__Your assignment__
All pictures are to be omitted while the lines starting at the line with "Исходя из графиков" and ending at the line with "Rápida instalação, Suporte" in the material below are retyped exactly, both ends included.

(Records provided Opens)

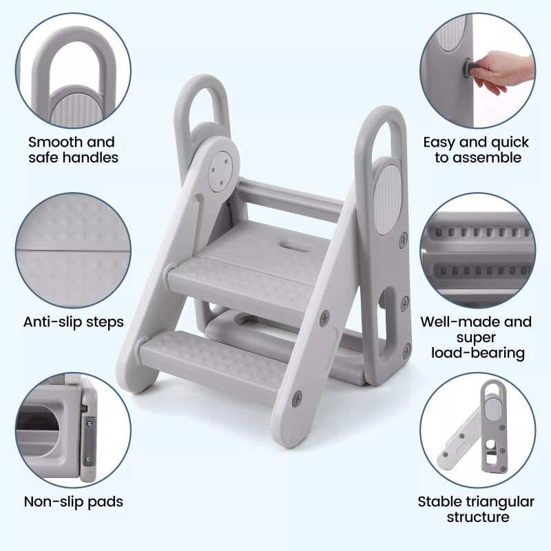 Foldable Step Stool for Kids Adjustable 3 Step Stool with Handle Stepping Ladder
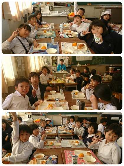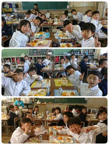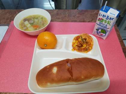 今日の給食は、さつまいもパン、牛乳、豚肉とキャベツのスープ煮、変わりピザ、みかんでした。豚肉とキャベツのスープ煮は、キャベツやじゃがいも、にんじん、玉ねぎ、グリンピースなど野菜がたっぷりでおいしかったです。変わりピザは、子ども達に好評でした。みかんは、甘くてジューシーでした(^O^)/
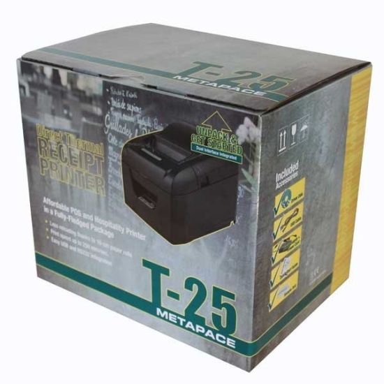 La Metapace T-25 est une imprimante compacte à transfert direct thermique disposant de deux interfaces (USB et RS232) et d'un port RJ11 afin d'y connecter un tiroir-caisse.
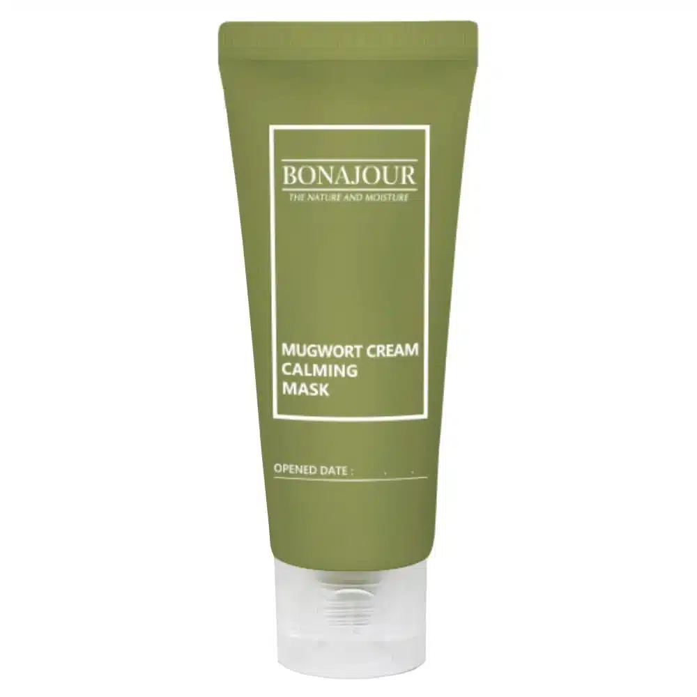 Buy Bonajour Mugwort Cream Calming Mask to calm, hydrate, and brighten sensitive skin. Infused with mugwort extracts and green tea, this vegan mask soothes irritation, enhances elasticity, and removes impurities, leaving skin soft and refreshed.
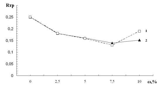 Исходя из графиков видно, что выполняется зависимость понижения поверхностного натяжения с увеличением температуры, как для графита, так и для дисульфида молибдена. Выполняется зависимость понижения поверхностного натяжения с увеличением концентрации добавки для графита, однако для дисульфида молибдена это закон не выполняется. Это можно объяснить повышением плотности суспензии с увеличением концентрации добавки, это наблюдается у обоих материалов, однако у дисульфида молибдена это более выражено.
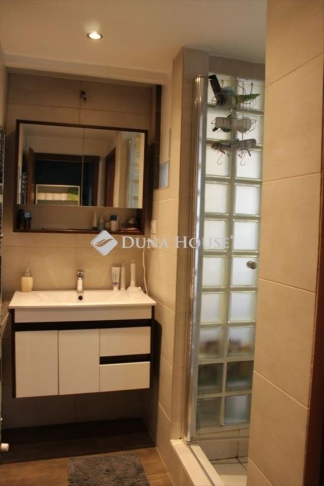 A földszinten található továbbá egy külön szoba, amely akár második nappaliként vagy vendégszobaként is funkcionálhat, valamint egy különleges kialakítású fürdőszoba, melyet félköríves, üvegtéglás fal határol. Ez nemcsak esztétikus, de lehetővé teszi a természetes fény beáramlását, miközben megőrzi a privát szférát a lakás igazi ékköve!
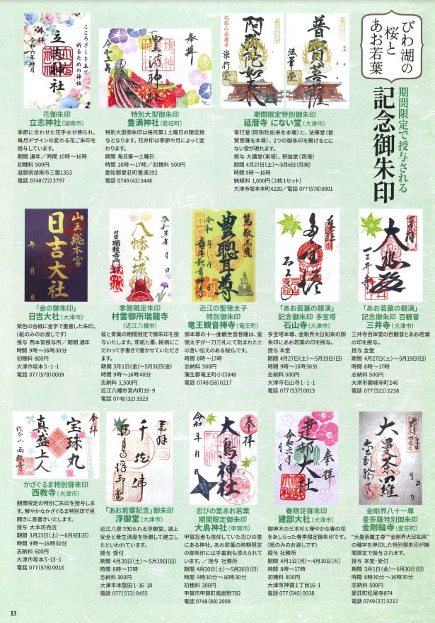 さらに3月15日(金)からはスマホ参加で豪華賞品に応募できるデジタルスタンプラリー「しきぶらりー」も開催。スタンプラリーは季節ごとに実施されますので、大津の四季の美しさとともにお楽しみください。
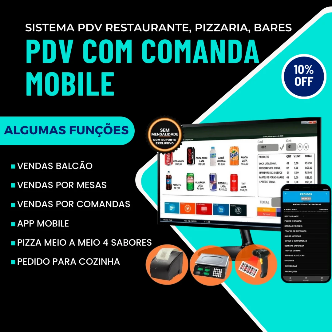 Rápida instalação, Suporte via [conteúdo removido] app. Possui comanda mobile, app para o garçom ou atendente efetuar pedidos por celular ou tablet direto da mesa do cliente enviando para impressoras e cozinha.
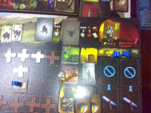 モンスターの種類は10種類のみから7枚使用、ただし同じクリーチャーでも効果が違う場が発生する?ということかな?他に5種類中3種類使用するスペルダイスと基本ダイスが3種で場が成立する様子。
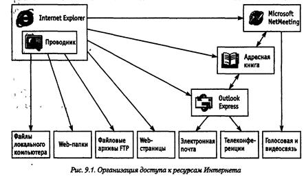 Примером броузера, предназначенного для просмотра Web-документов, может служить Internet Explorer 5.0. Программа предоставляет единый метод доступа к локальным документам компьютера, ресурсам корпоративной сети Intranet и к информации, доступной в Интернете. Она обеспечивает работу с World Wide Web, предоставляет идентичные средства работы с локальными папками компьютера и файловыми архивами FTP, дает доступ к средствам связи через Интернет. Соответствующие программы (Outtook Express и Microsoft NetMeeting) автономны, но рассматриваются как часть пакета Internet Explorer 5.0. Схема использования Интернета через Internet Explorer представлена на рис. 8.1.
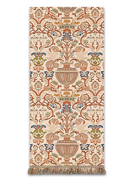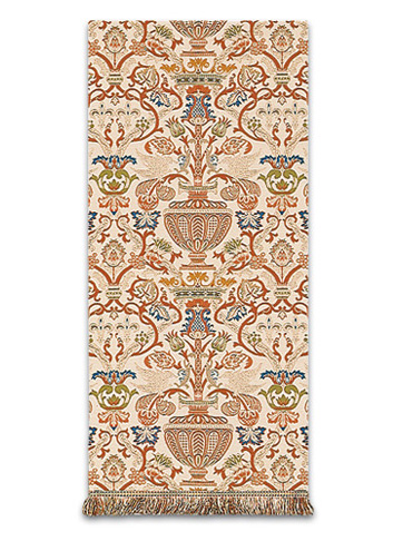 If vestments or paraments are being re-ordered, with previously delivered items, please select the correct color combination of the Regina brocade fabric: white/red, white/green, white/purple or white/blue.
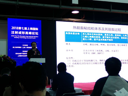 展会首日举行第七届上海国际注射成型高峰论坛,杨现锋作了主题为《陶瓷注射成型粘结剂体系对比研究》的演讲,分享了多年来在陶瓷注射成型领域的研究心得与经验。
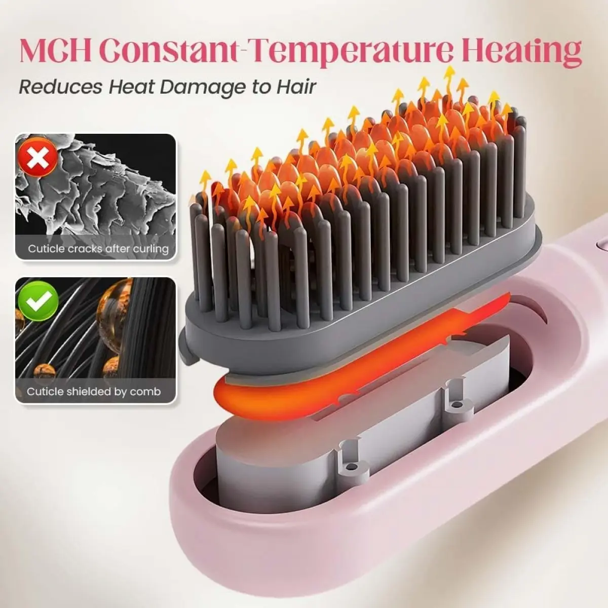 5. 2PCS Brush Pro 2026 Hair Straightener Brush, Cordless Hair Straightener for Short or Long Hair, Portable Thermal Hair Comb for Travel, 4 Temps, Smooth & Shine Styling (Pink)
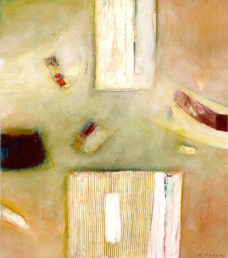 Jak gdyby przeciwległym biegunem sztuki użytkowej jest malarstwo artysty. Abstrakcyjny świat kolorów, kształtów i faktur interpretuje emocje i stan umysłu. Dotyka sfery ducha i odwołuje się do wrażliwości odbiorcy. Jeśli widz jest otwarty, odbije tę abstrakcyjną, właściwą artyście rzeczywistość. Malarstwo Jerzego Kołacza jest podkreśloną światłem, nastrojową poezją, wizualną muzyką, jest pobudzającym wyobraźnię niedopowiedzeniem. Nie wiele ma wspólnego z groteską. Jerzemu Kołaczowi udało się jednak utrzymać balans pomiędzy tak odmiennymi nurtami twórczości artystycznej, sztuką użytkową, a malarstwem, pomiędzy deformującą świat karykaturą, a poszukiwaniami ewokacji ludzkich emocji.
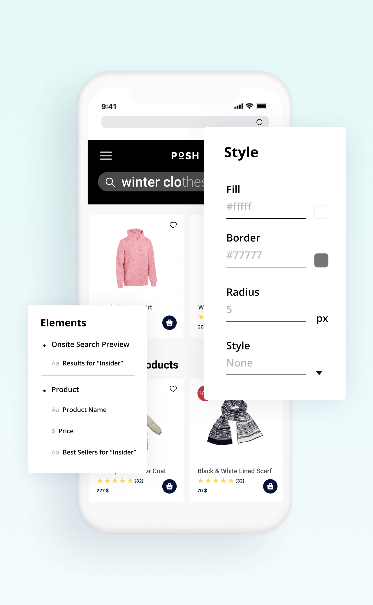 ¿Qué es lo adecuado para tu sitio? ¿Una vista de búsqueda instantánea o personalización? ¡Tú decides! Elige una vista de búsqueda instantánea de nuestras plantillas preconstruidas o diseña la tuya propia conectándote fácilmente a nuestra API. Personalízala aún más utilizando HTML, CSS y JS en nuestro panel.
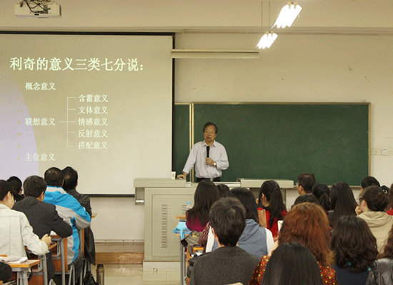 讲座伊始,王教授以自己的求学经历激励大家要努力做好教师的同时搞好科学研究,要珍惜各种学习机会提高自己的专业水平。他强调学翻译,学好语义学尤为重要!他从语义学的角度对翻译中的意义进行了详细阐释。他认为,意义是在语境和功能的基础上产生的,可以分为概念意义、联想意义和主位意义。概念意义是语言交流中最主要的意义,第二大意义是联想意义,它又分为含蓄意义、文体意义、情感意义、反射意义、搭配意义五个层面,最后一个是主位意义。他依次介绍了不同意义的定义、特点及其实际运用,并结合实例对翻译中意义的类型和翻译的关系进行了详细的介绍。他指出,中国人学外语最大的坎就在于两种语言认知差异所造成的困惑,并介绍了翻译时我们最常出现的几种错误及其解决方法。他认为翻译的原则是根据语境以常规对常规,以变异对变异,在翻译中尤其要保留文本的特点和张力。王教授多次引用中西方文史哲知识,也建议外语人才在掌握语言技能的同时还要广泛涉猎中西方文史哲知识。王东风教授的讲座博采中西译论精华,并提出了自己的独特见解,引用大量生动的例子辅以幽默风趣的语言,让大家在轻松愉快的交流中对意义及其翻译有了全新的认知。
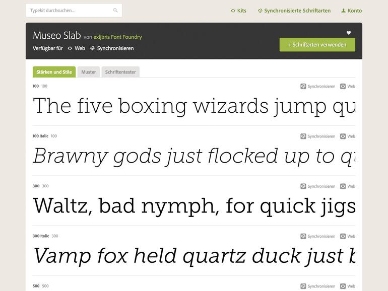 Grundsätzlich gibt es zwei Sorten von Schriften bei Typekit: Fonts fürs Web und für die Synchronisierung. Mit den entsprechenden Buttons unter „Verfügbarkeit“ kannst du die Schriften entsprechend nach dem Einsatzzweck vorsortieren. Für Webschriften gibt Typekit CSS-Code zum Einbetten aus. Schriften zum Synchronisieren können über die Creative Cloud ins System und die Desktop-Programme gelangen. Die Schriften kannst du dann für Print, Web-Entwürfe, Textverarbeitung, Bildmontagen und mehr verwenden.

(Records provided Closes)

__Exercise answer__
 Исходя из графиков видно, что выполняется зависимость понижения поверхностного натяжения с увеличением температуры, как для графита, так и для дисульфида молибдена. Выполняется зависимость понижения поверхностного натяжения с увеличением концентрации добавки для графита, однако для дисульфида молибдена это закон не выполняется. Это можно объяснить повышением плотности суспензии с увеличением концентрации добавки, это наблюдается у обоих материалов, однако у дисульфида молибдена это более выражено.
 A földszinten található továbbá egy külön szoba, amely akár második nappaliként vagy vendégszobaként is funkcionálhat, valamint egy különleges kialakítású fürdőszoba, melyet félköríves, üvegtéglás fal határol. Ez nemcsak esztétikus, de lehetővé teszi a természetes fény beáramlását, miközben megőrzi a privát szférát a lakás igazi ékköve!
 さらに3月15日(金)からはスマホ参加で豪華賞品に応募できるデジタルスタンプラリー「しきぶらりー」も開催。スタンプラリーは季節ごとに実施されますので、大津の四季の美しさとともにお楽しみください。
 Rápida instalação, Suporte via [conteúdo removido] app. Possui comanda mobile, app para o garçom ou atendente efetuar pedidos por celular ou tablet direto da mesa do cliente enviando para impressoras e cozinha.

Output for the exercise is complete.